• What needs to be done: Reproduce exactly, from the data that follows, the line with "Unter dem Titel", the line with "Le scénario et", and every line that lies between them.

• Records to process:

□ □ □ □ □ □ □

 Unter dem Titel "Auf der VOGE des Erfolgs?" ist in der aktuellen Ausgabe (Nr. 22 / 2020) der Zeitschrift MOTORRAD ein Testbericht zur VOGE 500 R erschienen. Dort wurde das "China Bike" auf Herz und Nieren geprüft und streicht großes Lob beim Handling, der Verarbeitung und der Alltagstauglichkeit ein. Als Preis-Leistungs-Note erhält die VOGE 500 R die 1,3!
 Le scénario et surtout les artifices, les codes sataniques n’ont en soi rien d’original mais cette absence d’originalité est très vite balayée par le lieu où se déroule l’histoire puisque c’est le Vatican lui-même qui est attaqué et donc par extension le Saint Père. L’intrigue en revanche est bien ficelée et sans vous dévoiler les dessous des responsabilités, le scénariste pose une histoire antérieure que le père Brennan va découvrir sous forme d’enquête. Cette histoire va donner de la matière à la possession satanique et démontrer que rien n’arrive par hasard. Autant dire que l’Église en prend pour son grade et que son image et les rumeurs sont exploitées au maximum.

□ □ □ □ □ □ □

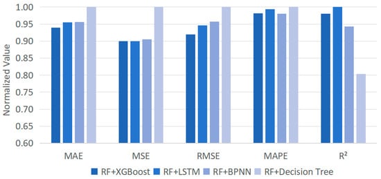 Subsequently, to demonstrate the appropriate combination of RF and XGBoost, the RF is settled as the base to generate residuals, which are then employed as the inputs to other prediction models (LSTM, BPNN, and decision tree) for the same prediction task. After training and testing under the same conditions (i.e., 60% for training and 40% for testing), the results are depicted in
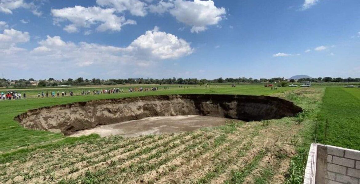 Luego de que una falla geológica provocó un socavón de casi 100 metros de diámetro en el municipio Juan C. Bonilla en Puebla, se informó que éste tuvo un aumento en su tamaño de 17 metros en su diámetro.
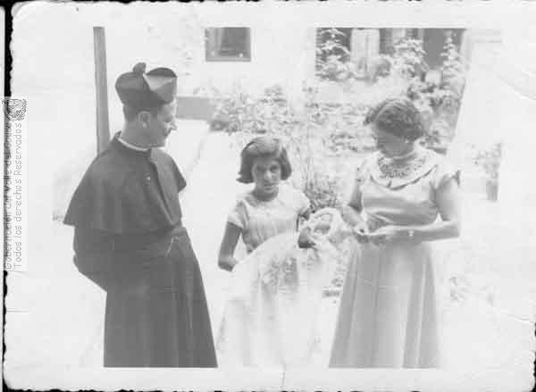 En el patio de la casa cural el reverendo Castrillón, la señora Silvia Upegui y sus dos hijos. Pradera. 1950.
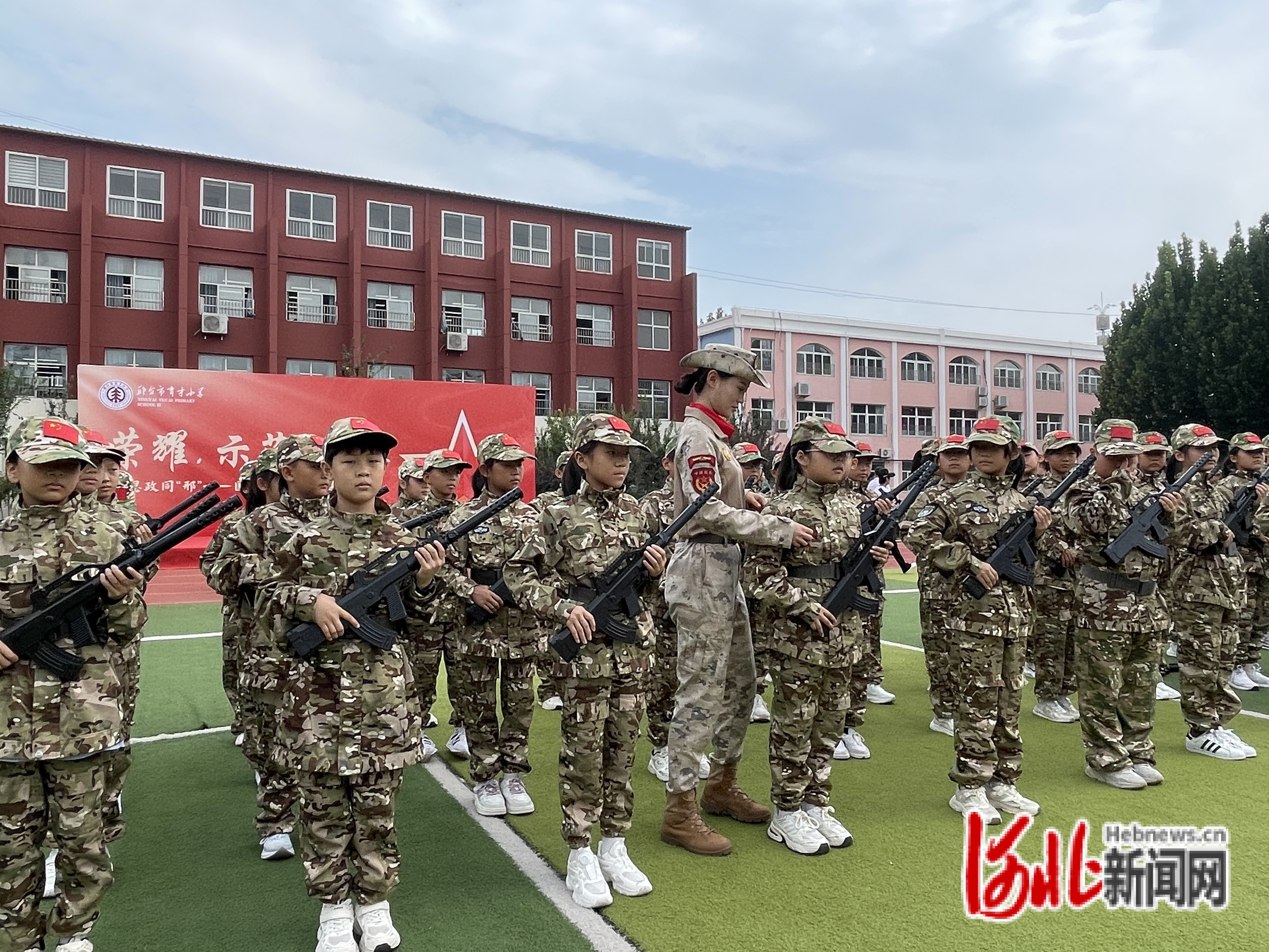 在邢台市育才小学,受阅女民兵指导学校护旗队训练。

□ □ □ □ □ □ □

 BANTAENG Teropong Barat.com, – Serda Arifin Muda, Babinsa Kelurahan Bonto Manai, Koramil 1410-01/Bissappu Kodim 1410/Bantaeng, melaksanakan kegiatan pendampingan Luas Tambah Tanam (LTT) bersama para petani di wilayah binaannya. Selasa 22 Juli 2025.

□ □ □ □ □ □ □

• Response below:
 Unter dem Titel "Auf der VOGE des Erfolgs?" ist in der aktuellen Ausgabe (Nr. 22 / 2020) der Zeitschrift MOTORRAD ein Testbericht zur VOGE 500 R erschienen. Dort wurde das "China Bike" auf Herz und Nieren geprüft und streicht großes Lob beim Handling, der Verarbeitung und der Alltagstauglichkeit ein. Als Preis-Leistungs-Note erhält die VOGE 500 R die 1,3!
 Le scénario et surtout les artifices, les codes sataniques n’ont en soi rien d’original mais cette absence d’originalité est très vite balayée par le lieu où se déroule l’histoire puisque c’est le Vatican lui-même qui est attaqué et donc par extension le Saint Père. L’intrigue en revanche est bien ficelée et sans vous dévoiler les dessous des responsabilités, le scénariste pose une histoire antérieure que le père Brennan va découvrir sous forme d’enquête. Cette histoire va donner de la matière à la possession satanique et démontrer que rien n’arrive par hasard. Autant dire que l’Église en prend pour son grade et que son image et les rumeurs sont exploitées au maximum.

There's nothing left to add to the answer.